Sometime after his death, I opened an envelope from the California Department of Corrections. He left me one thousand and ninety-seven dollars on his death.
He’d had plenty of money the whole time.
In the face of Samuel Little’s serial murders and thousands of other cold cases, law enforcement communities around the country struggle with dwindling resources. The cold case murder books of the ignored, dismissed, and marginalized often remain in stacks in dusty storage rooms.
There are also passionate scientists, dedicated members of law enforcement, community activists, and self-described web sleuths combining cutting-edge forensic technology with innovative ideas about information sharing.
Detective III Mitzi Roberts, officer in charge of the new Cold Case Homicide Unit at LAPD’s Robbery Homicide Division, heads up just such an initiative. Similar programs being pioneered across the country may inch us closer to the ideal of Lady Justice wearing a true blindfold.
Nearly a year after Sam’s brain became worthless to science, I had turned in my final pages and was putting in that desperate catching up work you do when you almost ruined your life, but not quite.
Therapy. Decluttering. Shooting guns. Rereading Camus.
A captain from the coroner’s investigation office called.
“I understand that you originally had problems with the remains of Samuel Little, and I apologize for that. I’ve been assigned to the case. I worked up in Corcoran when Manson died, and what happened there was distasteful. Frankly, it was a disgrace. I thought we’d avoid the circus, and it seems that you might handle it respectfully.”
I thanked the captain and said I’d be right there.
My younger son was home sick from school the day I got the call to pick up Sam’s remains. I walked to the door of the LA County coroner’s office, holding my ten-year-old’s feverish hand. With the other, I shook the hand of the coroner and walked back to the car with the ashes of a two-hundred-pound serial killer tucked under my arm.
“Nice,” my son said when we hit the freeway.
“This is my job. Don’t like it? Get a job. McNuggets?”
He shrugged.
I still don’t know what to do with the ashes. They sit on a shelf in my garage, between the holiday lights and the party plates. The brown plastic box the coroner handed me is about nine inches by seven inches by five inches, and it reads:
Historic Union Cemetery, est. 1872
Crematory and Funeral Home
Samuel Little #21836
The plastic bag of tagged ashes in the container weighs 8.2 lbs.
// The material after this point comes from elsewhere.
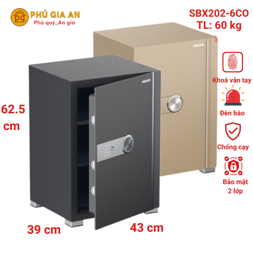 Két sắt thông minh Philips vân tay điện tử SBX202-6C0 là dòng sản phẩm hội tụ tinh hoa công nghệ hiện đại đến từ Hà Lan. Được thiết kế chuyên biệt để bảo vệ tài sản quý giá của gia đình và doanh nghiệp, mẫu két này không chỉ ngăn chặn nguy cơ trộm cắp mà còn là một món đồ nội thất sang trọng. Với kích thước nhỏ gọn và thẩm mỹ cao, sản phẩm dễ dàng hòa hợp với mọi không gian kiến trúc.
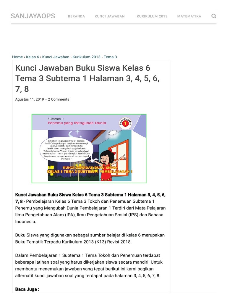 Soal Tematik Kelas 6 Tema 3 Subtema 3 Dan Kunci Jawaban Teori Dan Soal

I thought about the weight of ash, the meaning of a pound of flesh, and how the words weight and worth can be synonymous.
I continue to work on Sam’s unsolved murders while adding my foibles and occasional successes to the amateur detective toolbox I carry forward to the next story.
As someone who marks significant moments of my life with tattoos, I chose a tattoo for Sam’s victims. In many traditions, birds travel between the worlds of the living and the dead. They are often messengers of the gods, or conversely, they carry the spirits of the dead to the next world. In the traditional tattoos of American sailors, swallows carry the souls of the drowned to heaven.
Audrey, Alice, Denise, Guadalupe…
I tattooed swallows on my chest to remind me that when you reach into the dark waters, turn your face to the sky.